Some adolescent face difficult times because they are already going through their hormonal and
then adding to the fact that they are suffering to come out to their families and friends. When
they do come out sometimes they are marginalized and oppressed which might put them at
higher for suicide. Homophobic attitudes and behaviors appear to be interrelated with other
forms of verbal and physical forms of peer victimization ( Espelage, 2008, p.1). Thats why I feel
like when we start with schools we can reduce attitudes that children have about the LGBT
community. By helping them come to an understanding that being homosexual okay.
After the Activity
This experience has opened up me up to be accepting of The LGBT community because I
feel like we are too soon to judge others without understanding the facts. For example, I was
judging the LGBT community from the perspective of what I was brought up to believe. I didnt
understand it but was too quick to dismiss the fact that these are other fellow human beings that I
was judging. That by not trying to understand them was being oppressive. I remember coming to
class the first day and the first thing that we were taught was to forget everything that our
families taught us. We were going to start new to learn to accept others for who they are and not
what society believes of a certain person.

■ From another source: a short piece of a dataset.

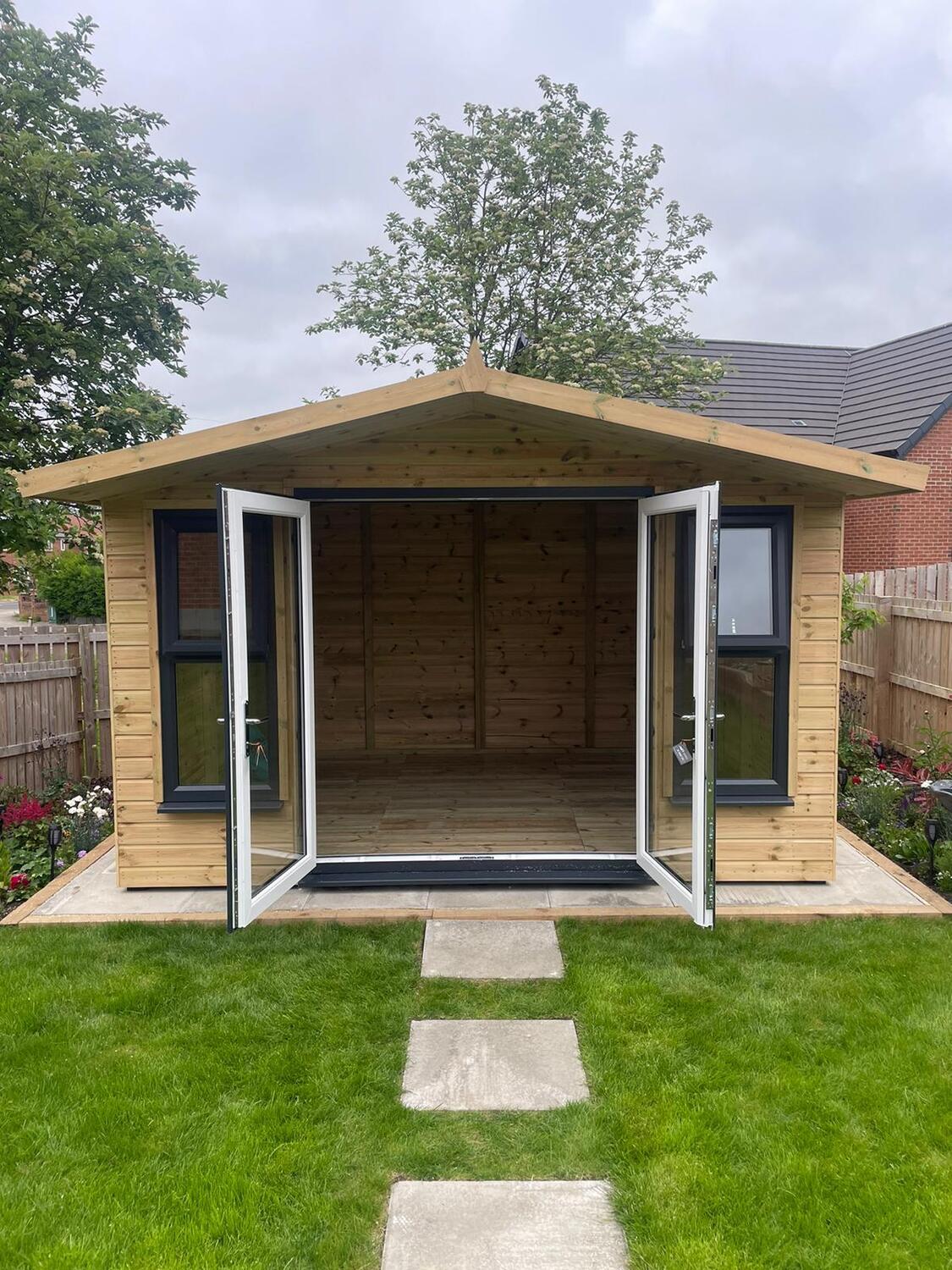 12x10 apex reverse roofed summerhouse in our tanalised 19mm T&G.

This experience has left me with the belief that all
stereotypes that society we may see in the media are not exactly what these individual are. For
example that just because you are a lesbian does not be that you should dress like a boy. Just
because you are a gay men or boy does not mean that you should dress or behavior as girls do.
Ive come to learn that everyone is different and it just depends on your personality. What I have
mostly learned about this group was that it is hard when society is forcing you to dress or be a
certain way just because you are a boy or girl, but these people sometimes may not understand
that their so many things that maybe going on in the same persons mind. They may be confused
and they dont need society to add any pressure on them because they might already be
struggling with the same fact themselves. I can honestly believe that this experience has taught
be to be more open minded because these people could be my brothers or sisters going through
the same thing.
Continued Cultural Work

The LGBT Community

While doing this activity, I have come to the conclusion that it is not enough just doing
an interview there's more to learn. How would I know how to treat my clients if I didnt know
about them? Within the LGBT community, there's so much to learn other than people being gay
or Lesbian. I know there's more than the LGBT community, but it's more like LGBTQIAAP. I
feel like if one day I come in connect with people who are different from me, in the sense of
sexual identity it will be hard for me to communicate with them because I wouldn't know to act
around them. So I'm hoping to continue my journey of study through putting myself out there. If
I plan to work in a hospital, I know that this is part of the clients that I will be working with, so
it's really in my best interest to explore more about this particular community.

The LGBT Community


Reference
Espelage, D. L., & Swearer, S. M. (2008). Addressing research gaps in the intersection between
homophobia and bullying. School Psychology Review, 37(2), 155-159.
Leaving the Closet. (2007). Atlantic, 299(1), 44.